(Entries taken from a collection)
☆ ☆ ☆ ☆ ☆ ☆ ☆

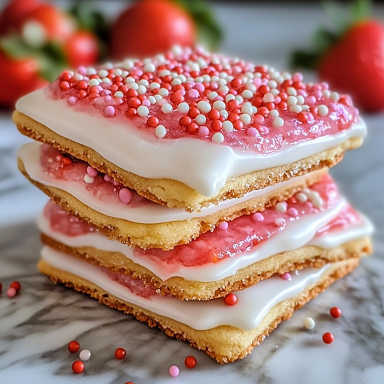 Indulge in the delightful flavors of Strawberry Pop Tart Sugar Cookies, a fun twist on a classic favorite! These soft, buttery cookies are filled with sweet strawberry jam and topped with colorful sprinkles, making them perfect for birthday parties, bake sales, or cozy family gatherings. Easy to make and customizable with various jams and toppings, they are a hit among both kids and adults. Get ready to create a batch of these nostalgic treats that will brighten any occasion!
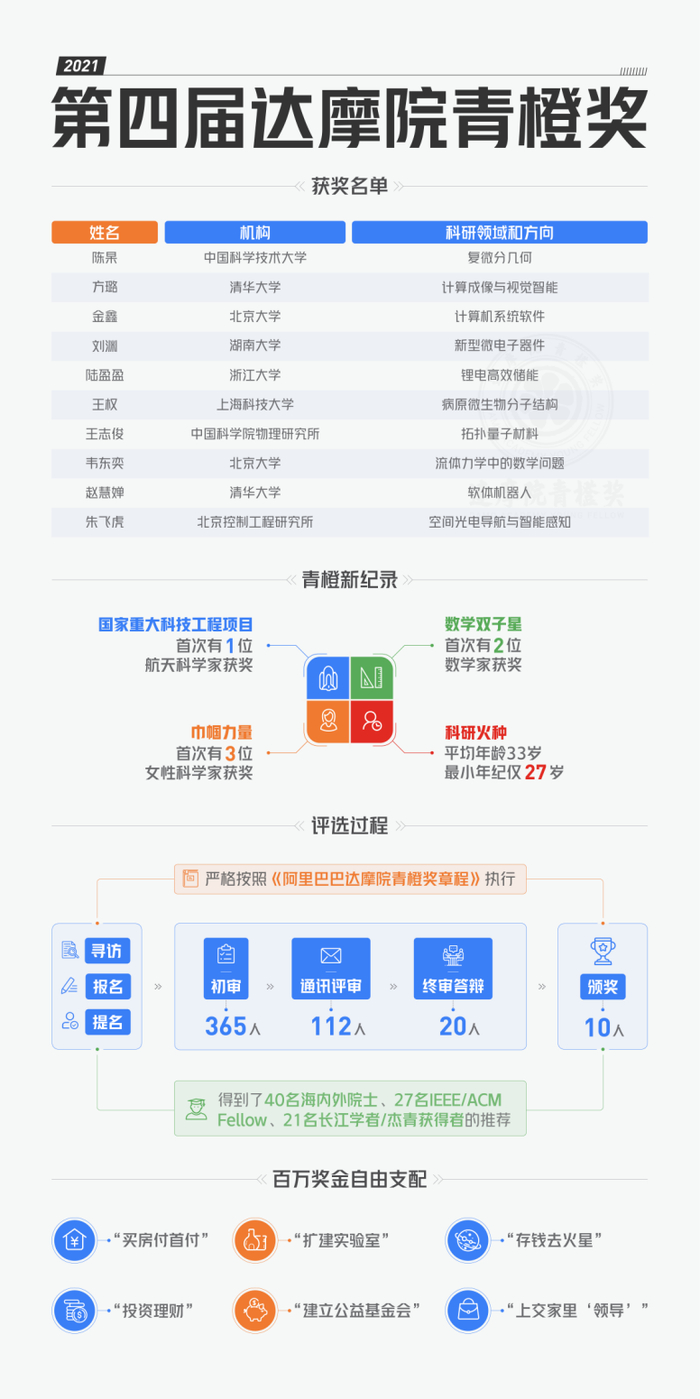 10月14日上午,阿里巴巴达摩院公布第四届青橙奖获奖名单。北京大学韦东奕等10位35岁及以下(U35)的青年学者,将平分1000万元奖金。
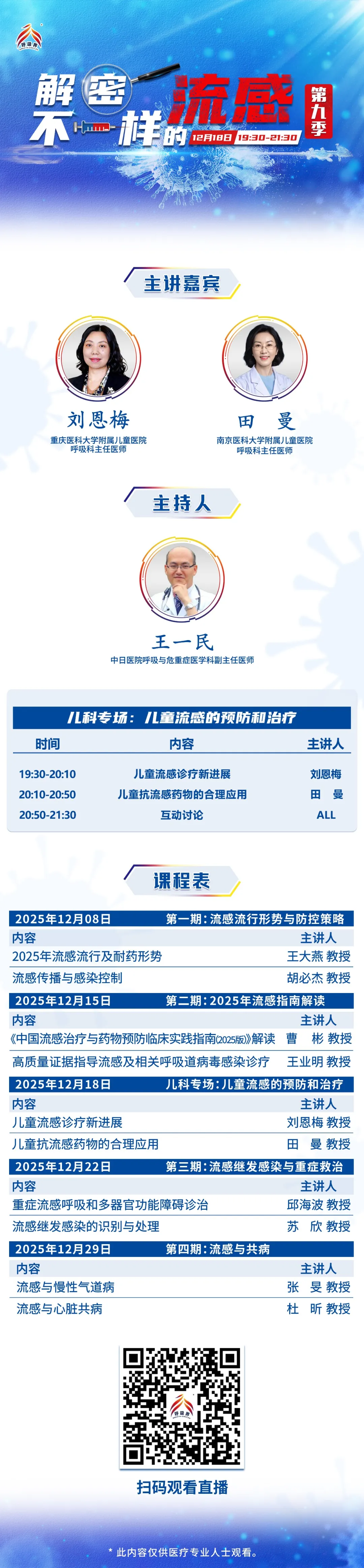2025年12月,《呼吸界》“解密不一样的流感”系列直播节目已重磅开启!本周四(18日),儿科专场的内容精彩继续!
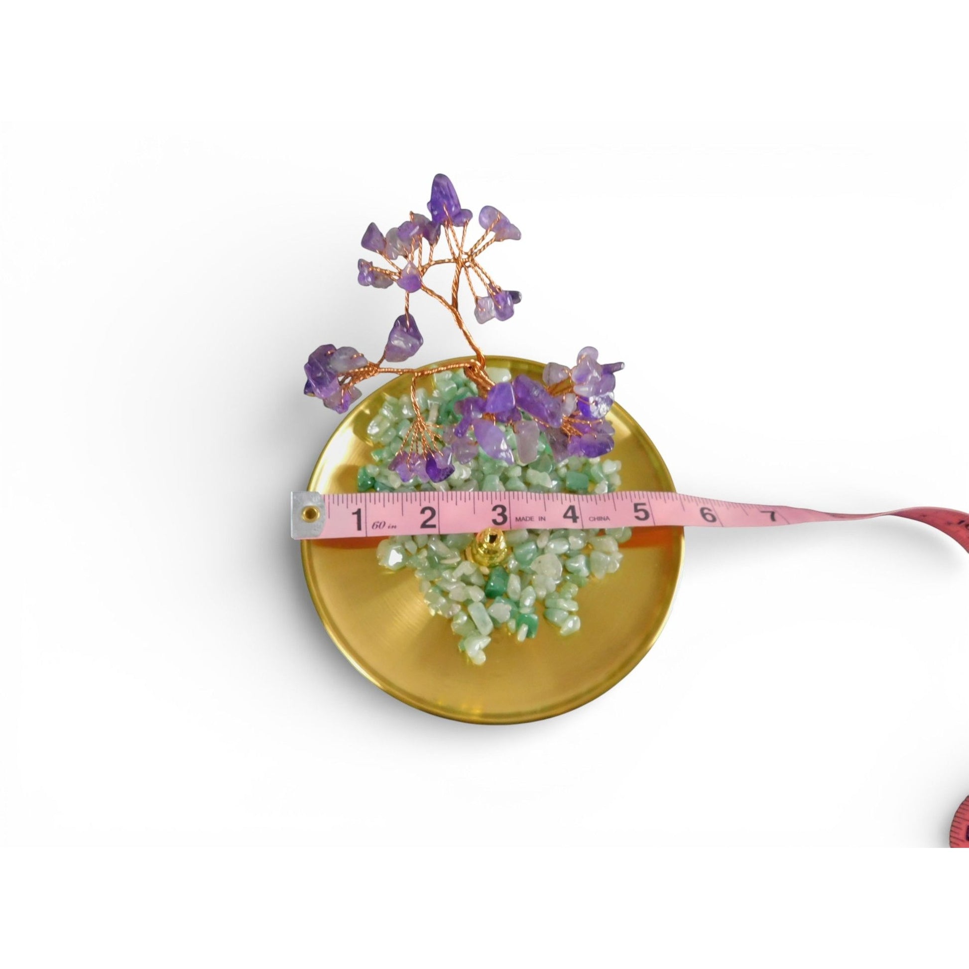 Amethyst & Green Aventurine Crystal Bonsai Tree On Gold Base 3.5" Diameter For Home Décor & Spiritual Energy
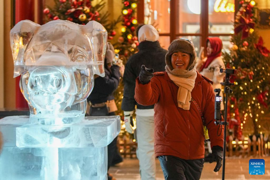 1月13日,游客在中华巴洛克历史文化街区兽首冰雕旁拍照。随着“冰城”哈尔滨进入冰雪旅游旺季,中华巴洛克历史文化街区吸引越来越多的游客。在冰雪元素的映衬下,中西合璧的百年建筑群更添风韵,奏响了一曲建筑与冰雪交融的冬日乐章。[新华社记者 王建威 摄]
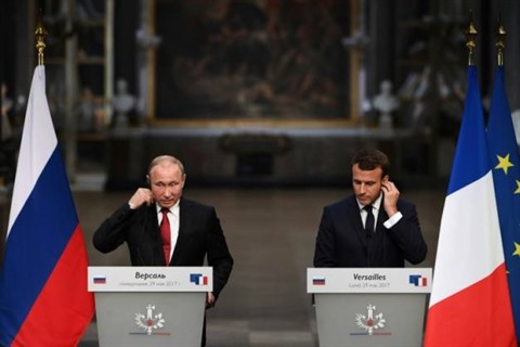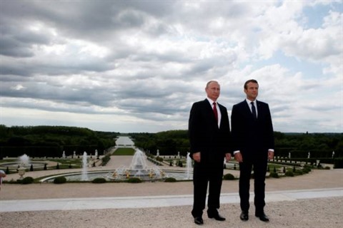 | Vladimir Poutine et Emmanuel Macron à Versailles, le 29 mai. |
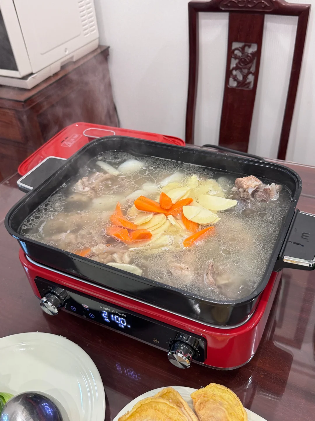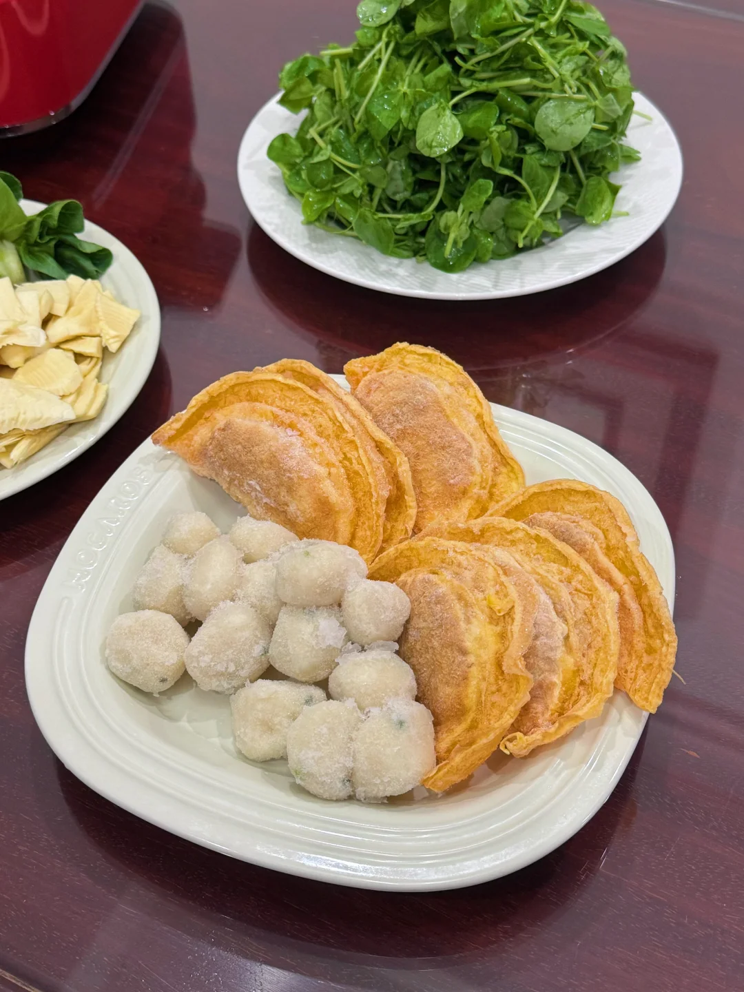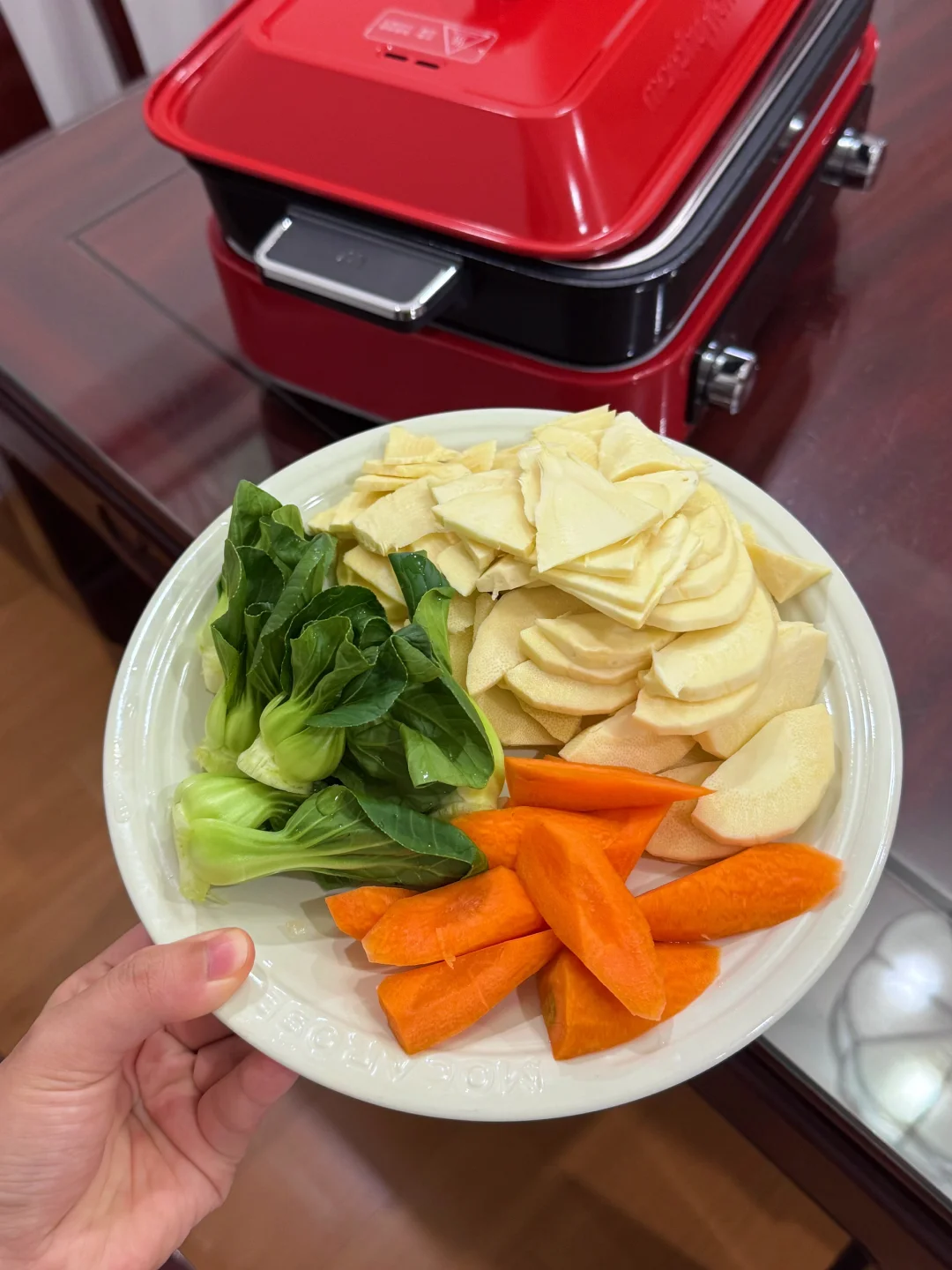 今天下班早 去菜市场转了一圈 现在菜比肉贵 看到有冬笋时鲜 36一斤 买了一点回来 还买了本地菠菜 青菜芯 豆苗 . 还买了筒骨 炖了汤底筒骨汤 涮点蛋饺 鱼丸 再来点时令蔬菜 100块搞定一顿晚餐 踏踏实实 比在外面吃舒服~

☆ ☆ ☆ ☆ ☆ ☆ ☆

Copy exactly, and copy nothing else: the lines from the start of the data above through the line that holds "le 29 mai. |". The pictures stay out.

Output
 Indulge in the delightful flavors of Strawberry Pop Tart Sugar Cookies, a fun twist on a classic favorite! These soft, buttery cookies are filled with sweet strawberry jam and topped with colorful sprinkles, making them perfect for birthday parties, bake sales, or cozy family gatherings. Easy to make and customizable with various jams and toppings, they are a hit among both kids and adults. Get ready to create a batch of these nostalgic treats that will brighten any occasion!
 10月14日上午,阿里巴巴达摩院公布第四届青橙奖获奖名单。北京大学韦东奕等10位35岁及以下(U35)的青年学者,将平分1000万元奖金。
2025年12月,《呼吸界》“解密不一样的流感”系列直播节目已重磅开启!本周四(18日),儿科专场的内容精彩继续!
 Amethyst & Green Aventurine Crystal Bonsai Tree On Gold Base 3.5" Diameter For Home Décor & Spiritual Energy
 1月13日,游客在中华巴洛克历史文化街区兽首冰雕旁拍照。随着“冰城”哈尔滨进入冰雪旅游旺季,中华巴洛克历史文化街区吸引越来越多的游客。在冰雪元素的映衬下,中西合璧的百年建筑群更添风韵,奏响了一曲建筑与冰雪交融的冬日乐章。[新华社记者 王建威 摄]
 | Vladimir Poutine et Emmanuel Macron à Versailles, le 29 mai. |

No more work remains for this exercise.